As Seregn evolved and as I edited the draft, I—almost unintentionally—added one or two more obvious Christian ideas. These changes came about largely from a story perspective as I improved the manuscript, but also as a result of my own pondering on the novel. Overall I think it works well, because those moments of more inherent Christian concepts are just one part of a much bigger story, which is focussed more on the character’s struggles.
And this, I think, is where people really connect, because the story isn’t about becoming a Christian (or the fantasy equivalent in their world). The story is about sacrifice. It’s about what it is to love another person. It questions how far you would—or should—go to sacrifice for another, and what happens when you do? It brings up whether there’s a point where sacrifice becomes too much, or not worth it. Or, are there times when you shouldn’t be the hero, because of other considerations? What is it to go against something that you know to be true, and then face the consequences of that? When do people struggling with each other over different concepts of what it is to be good, actually discover one (or more) of them have actually fallen into evil?
These are all questions that come up in Seregn, and they’re not answered easily.

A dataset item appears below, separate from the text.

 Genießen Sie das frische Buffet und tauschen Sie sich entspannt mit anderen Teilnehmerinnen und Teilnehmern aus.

Characters live them out, and we see the consequences of various choices they make.
So I think the biggest thing with Seregn for me was crafting a story that Christians could still find accessible, still find enjoyable, still find in some way to be true and faithful, but also not make it so clean and whitewashed and pristine that they very people I was trying to reach with these kind of questions would be turned off by it.
Essentially, I just want to ensure the story I’m trying to tell is the kind of story that people want to hear—especially those who may not come from the same faith as I do.

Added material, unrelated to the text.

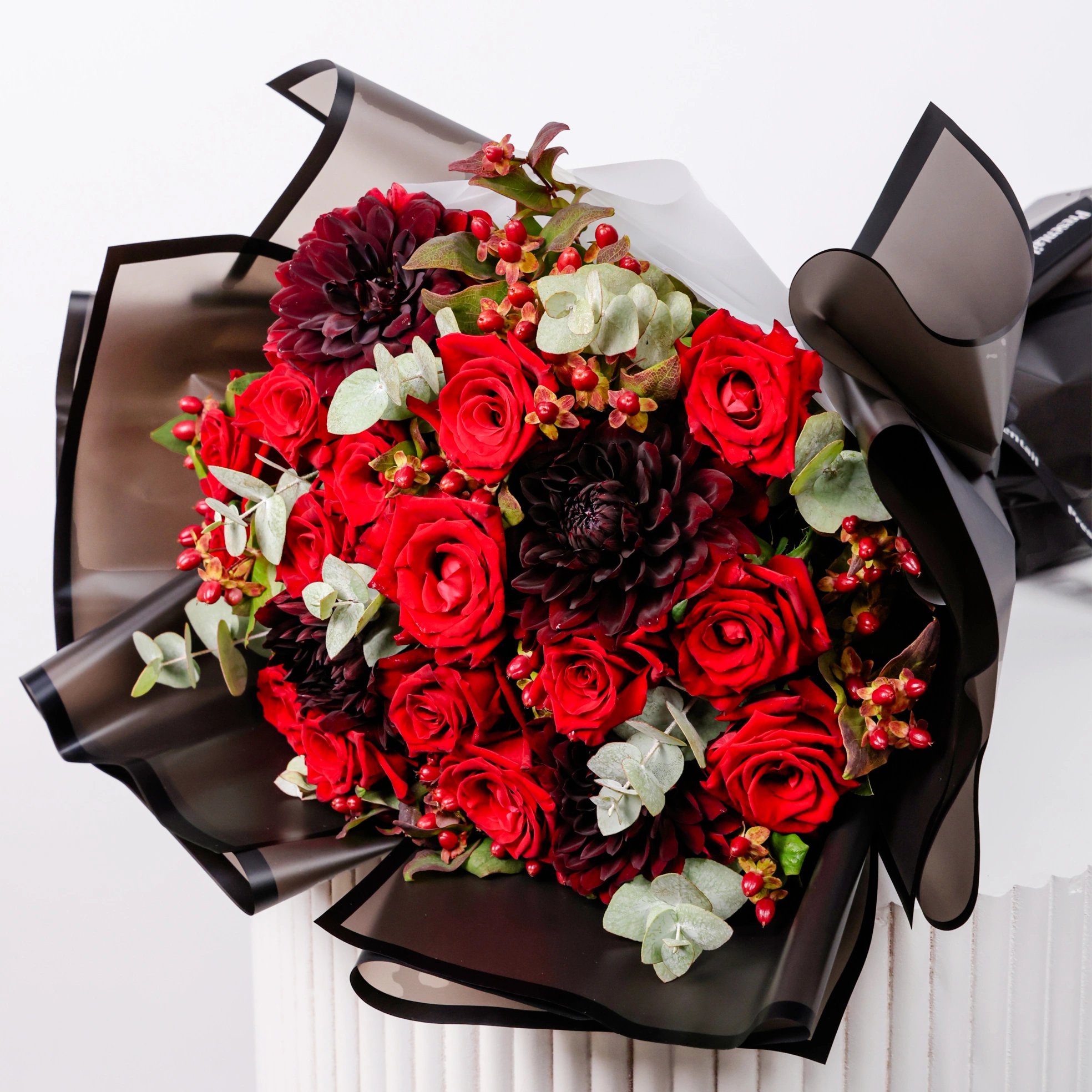 ماكسي روج هي باقة زهور يدوية مصنوعة من الورود الحمراء وأنواع أخرى من الزهور الحمراء والنباتات الخضراء. إرشادات العناية بالزهور:

And as a side note, that also means that the characters aren’t perfect.
Of course, I don’t put excessive, gratuitous swearing, or sex, or violence in my stories just to get secular attention. But yes, Seregn has some deeply violent moments. Why? Because the world is a violent place. Because the characters are pushed to breaking point. There also isn’t outright, overt, strong swearing in Seregn, but there are a couple of times where the main character uses what could be considered a swear word, something like ‘damn’, ‘damn it’, or ‘bloody hell’.
Why? Because my main character is never presented as a Christian. She’s not a foul-mouth, but she’s not perfect either. The man of faith in the novel doesn’t say such things of course, but I don’t comment on that, it’s never brought up. It’s just part of the way he talks, or rather, doesn’t talk. It’s subtle, because that’s all that is required.
And even though he has clean speech, he’s not perfect either. In fact, he makes some pretty gargantuan mistakes.
We aren’t perfect, none of us, and it’s important we remember that in our fiction too.
So these are my thoughts, swirling as Seregn’s publication steps closer and closer. Having professional editors read and enjoy my work is massively helpful, including the structural editor advising that, in his professional opinion, the story can absolutely be marketed to more than just the Christians, as there’s only a small amount of Christian-related content. That in itself gives me hope that I’ve struck a good midpoint.
This is a long post, so I’ll cap it here. I’m sure as I think about this more, more ideas will surface. For now, let me know – how do you consider faith/belief systems and your fiction?